§ Aim of the exercise: Below are records with pictures in them. Output exactly the lines from the one with "Rybník zachycen pouze" through the one with "Jika transaksi antar", both included, and leave every picture out; give only those lines.

§ Extracted records:
**********

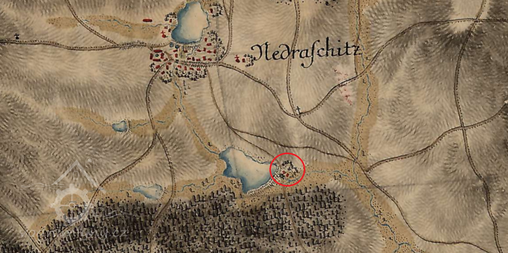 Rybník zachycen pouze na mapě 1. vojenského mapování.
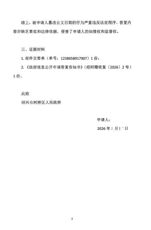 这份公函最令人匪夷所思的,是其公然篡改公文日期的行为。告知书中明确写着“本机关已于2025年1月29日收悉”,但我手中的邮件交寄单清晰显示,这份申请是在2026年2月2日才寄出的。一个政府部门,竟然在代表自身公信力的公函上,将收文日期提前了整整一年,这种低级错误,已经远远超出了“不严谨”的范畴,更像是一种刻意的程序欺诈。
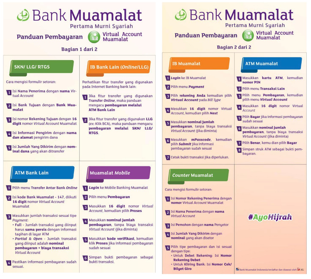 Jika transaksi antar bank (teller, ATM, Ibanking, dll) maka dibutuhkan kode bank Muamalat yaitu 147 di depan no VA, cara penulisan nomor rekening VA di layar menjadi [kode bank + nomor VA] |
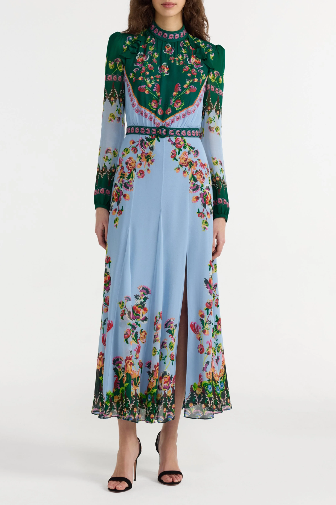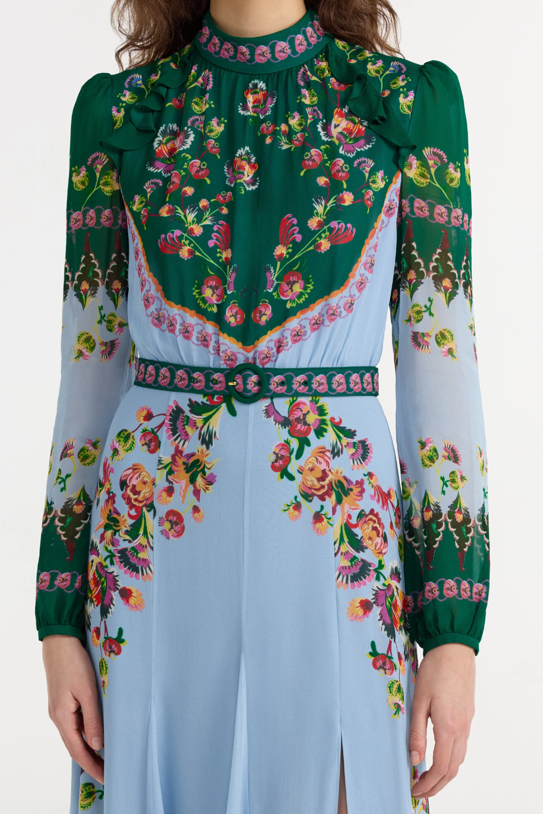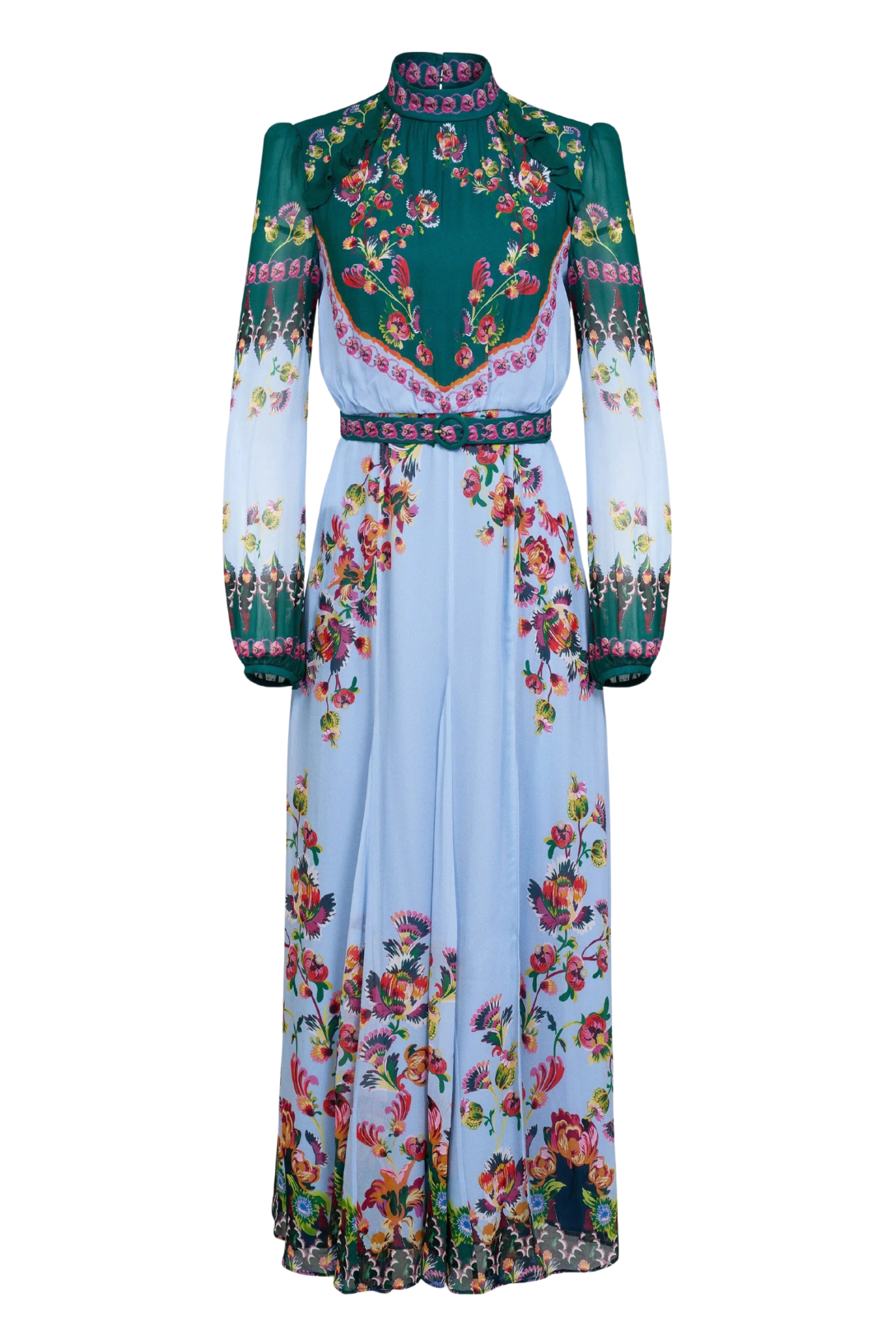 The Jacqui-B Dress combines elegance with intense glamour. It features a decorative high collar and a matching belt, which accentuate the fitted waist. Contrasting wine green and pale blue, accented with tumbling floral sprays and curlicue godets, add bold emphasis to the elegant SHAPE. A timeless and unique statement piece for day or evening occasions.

**********

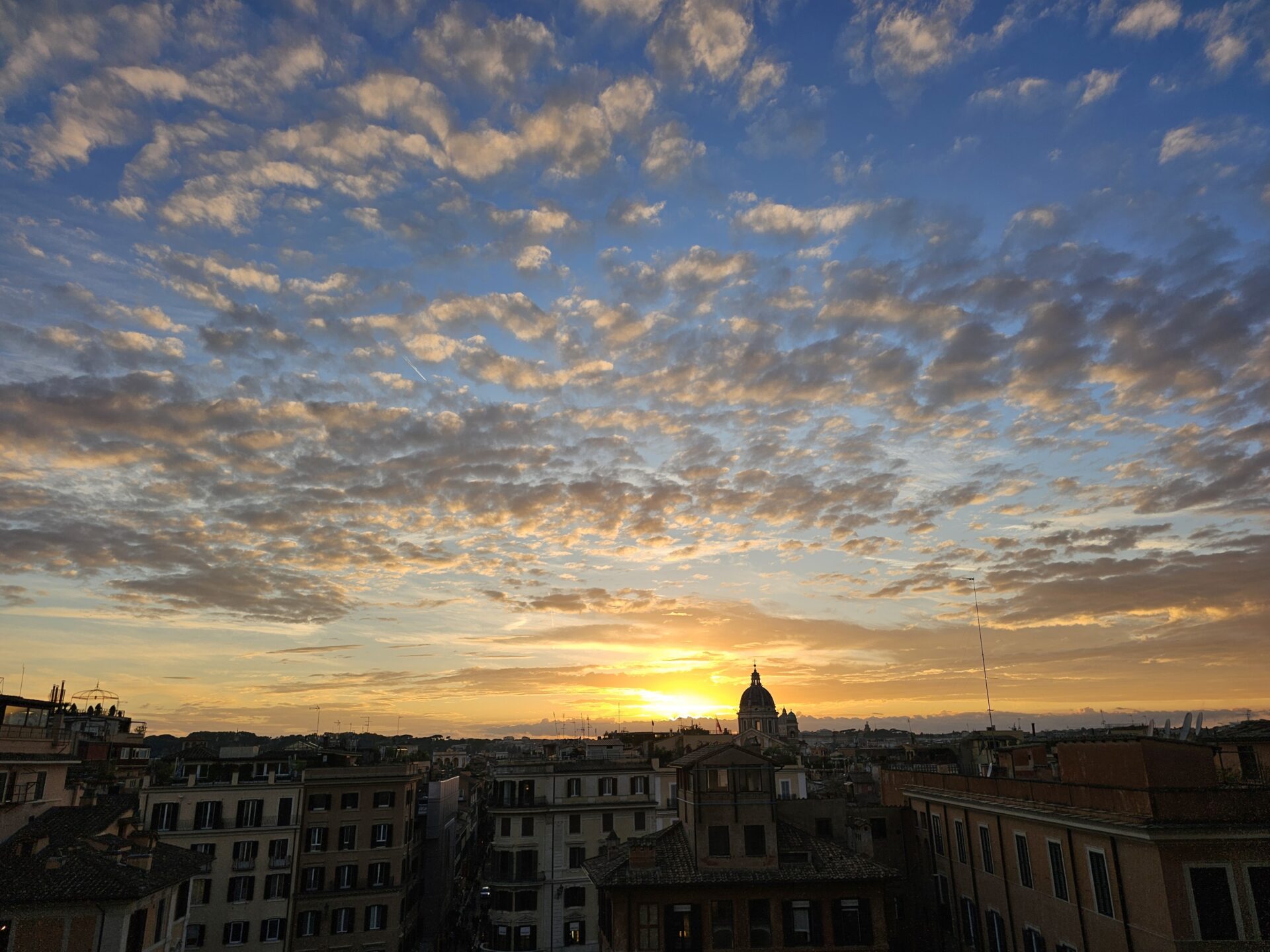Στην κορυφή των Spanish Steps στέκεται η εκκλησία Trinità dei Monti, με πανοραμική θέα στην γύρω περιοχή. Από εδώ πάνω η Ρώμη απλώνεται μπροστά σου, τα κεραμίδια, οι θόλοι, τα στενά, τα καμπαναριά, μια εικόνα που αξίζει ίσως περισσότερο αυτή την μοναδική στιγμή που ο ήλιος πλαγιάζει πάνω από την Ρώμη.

**********

§ Your solution:
 Rybník zachycen pouze na mapě 1. vojenského mapování.
 这份公函最令人匪夷所思的,是其公然篡改公文日期的行为。告知书中明确写着“本机关已于2025年1月29日收悉”,但我手中的邮件交寄单清晰显示,这份申请是在2026年2月2日才寄出的。一个政府部门,竟然在代表自身公信力的公函上,将收文日期提前了整整一年,这种低级错误,已经远远超出了“不严谨”的范畴,更像是一种刻意的程序欺诈。
 Jika transaksi antar bank (teller, ATM, Ibanking, dll) maka dibutuhkan kode bank Muamalat yaitu 147 di depan no VA, cara penulisan nomor rekening VA di layar menjadi [kode bank + nomor VA] |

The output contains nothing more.